On the fifth day of the residency I had my first art critique session. It was located about 30 minute train ride in Friedrichshain where the other live/ work studio spaces and gallery space was.  I was excited to finally talk about art and share my work with other artists. I also found out that I had only another 2 days before I had to submit work for the group show that was opening in a week.

That evening after dinner I happened to come across some free print material that I could use for collage. Then I came across a jackpot of poster pile as I was making my way back to the train station. I came home and immediately got to work. Using the found posters, I made three collages on paper. Two of them I liked and the other I ended up making a new collage from it.

Preparations and installation for the group exhibition was the focus in the second week. The opening was so much fun! I met some lovely people and had great conversations with the artists.

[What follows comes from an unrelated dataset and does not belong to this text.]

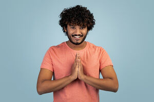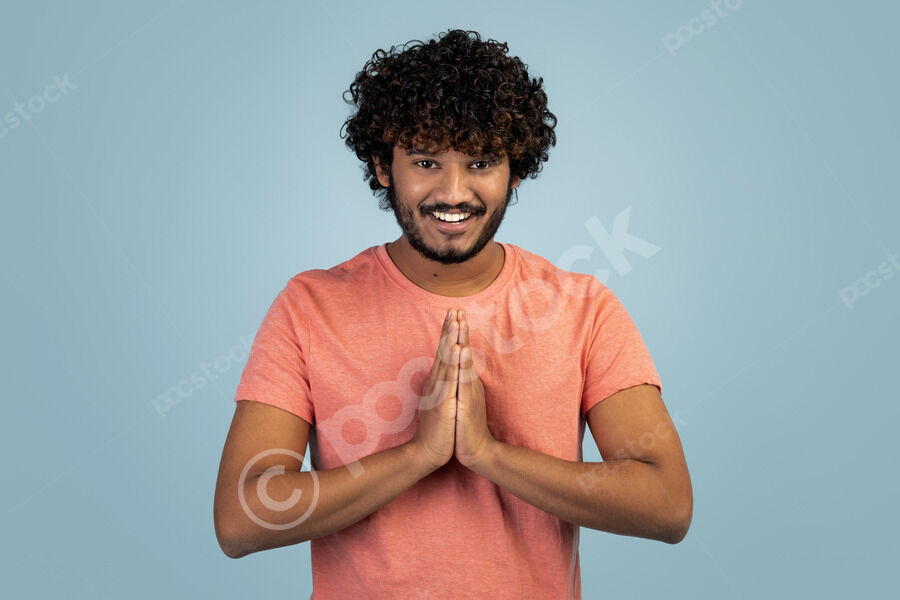 Smiling bearded Indian man with curly hair showing praying hands while standing in front of blue background in studio

I loved being in a show that had such a variety of disciplines ranging from painting, drawing, installation, performance art, video and film.  I also got to meet UK artist Lisa Denyer who had moved to Berlin and came to my opening! We had only connected online so I was happy to get to know her and her work a little more.  You can see more photos of the opening here as well as links to the other artists in residence who participated.

I also met with artist Tina Hopp who would be working with me over the next few weeks.  As I discovered that the critique sessions were scheduled for the month due to the exhibit, I found it really helpful to have time to discuss the progress of my work and exchanged ideas with Tina. I was drawn to her work as she worked in several different disciplines of drawing, painting and installation. It was great to visit her studio see her work in person. She had such great insight that helped push my work further. Without much intensive interaction with other artists from the start of the residency, I was afraid that I would make the same things in the same way. However, over the next few weeks, I was relieved to see that this was not the case.

For the sake of packing light, I didn’t bring the same range of materials I normally use.  I noticed that I would reach for certain things to resolve the work but because I didn’t have those tools or materials there, it forced me to find a different way to problem solve. I had shorter painting sessions and would try more experiments which led me to using up my supply of paper much faster than expected.  Part of it was that I also was trying to squeeze in time to see other artists or visit galleries as well as day to day living like laundry and buying groceries. I would often paint in the morning and late at night when I would come back home. The weather got surprisingly hot so I couldn’t be in the studio for long. Collage became more of focus during my time there as I could explore different found materials from the street and from the flea market.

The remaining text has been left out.